Ist ein Einsatz von Behandlungsplatzbereitschaften (NRW) oder MTF’s im Rahmen des Ukraine-Konflikts im Ausland denkbar?

Eine interessante Frage, die mir am Wochenende gestellt wurde! Die Antwort lässt sich aus meiner Sicht nur mehrteilig geben, wobei ich militärische Hilfeleistungsstrukturen hier bewusst nicht betrachte und mich auf zivile Ressourcen beschränke.

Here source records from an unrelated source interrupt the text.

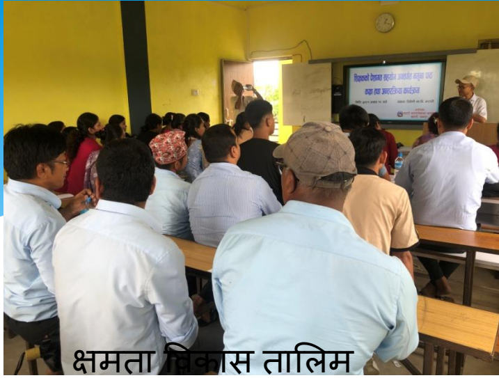
क्षमता विकास तालिम
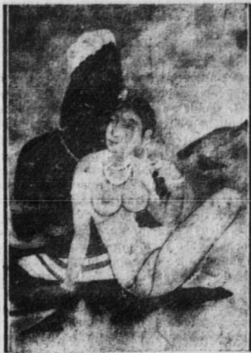
«Civa y Parvati» (Copia de un fresco de Ajanta, por Nanda Lal Bose)

Con la India sucede, aún en mayor escala, lo que con España: el arte que se precia de reproducirla o que pretende in-
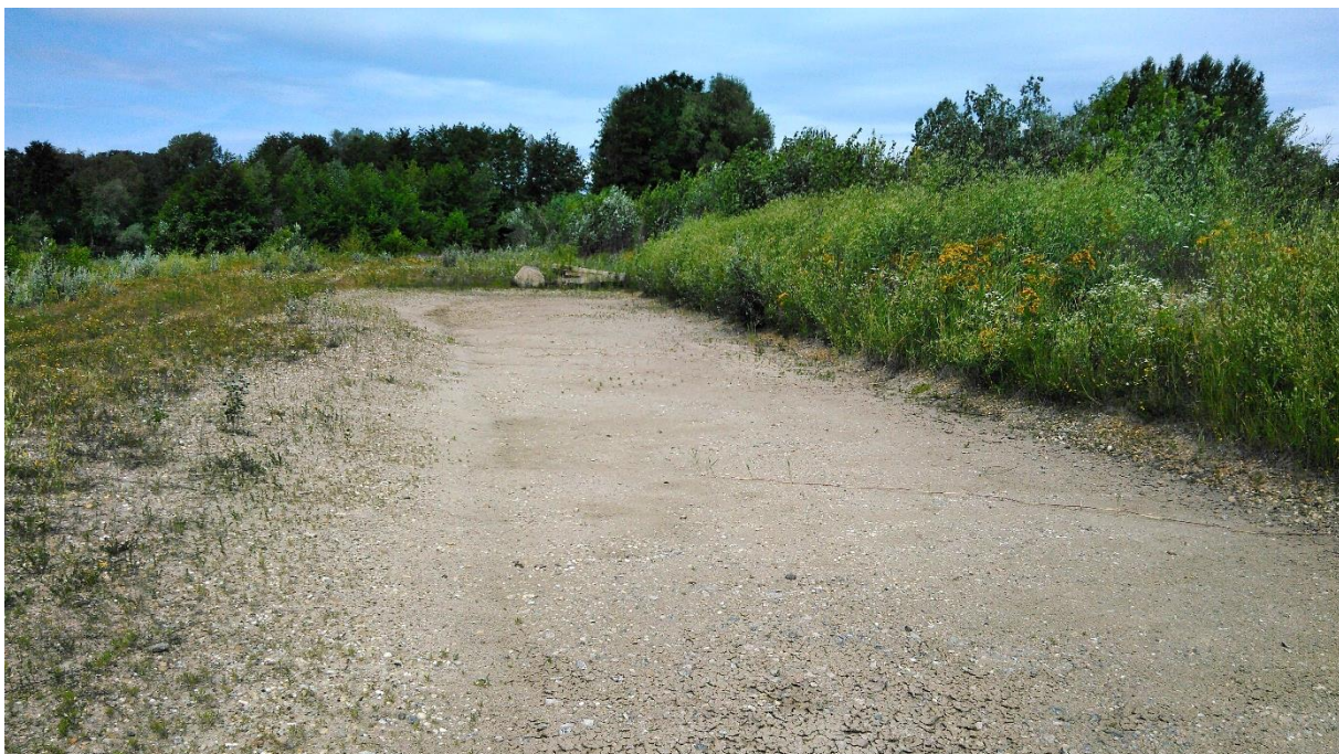
Ausgetrocknete Geländemulde nördlich des Schauffelsee; Hier konnten zu einem früheren Zeitpunkt noch Laichschnüre und geschlüpfte Quappen von Kreuzkröten vorgefunden werden, die es jedoch aufgrund des Austrocknens nicht geschafft haben, sich fertig zu entwickeln

Hinweis: das hier sind, wie alles in meinem Blog, meine höchstpersönlichen Gedanken; sie dienen wie immer der Klärung meiner eigenen Überlegungen und sind keineswegs als „offizielle“ oder auch nur „offiziöse“ Stellungnahme zu werten.

  1. die rechtliche Seite:
    Medizinische Task-Forces (MTF) oder, wie sie in NRW aufgestellt sind, „Behandlungsplatzbereitschaften“, sind Teil des Katastrophenschutzpotentials Deutschlands. Der Katastrophenschutz ist Teil des Zivilschutzes und daher sind sie auch für den Einsatz im bewaffneten Konflikt vorgesehen. Darüber hinaus ist das sog. „Europäische Gemeinschaftsverfahren“ darauf ausgerichtet, dass EU-Mitgliedsstaaten sich bei Bedarf gegenseitig in Not- und Katastrophenfällen unterstützen.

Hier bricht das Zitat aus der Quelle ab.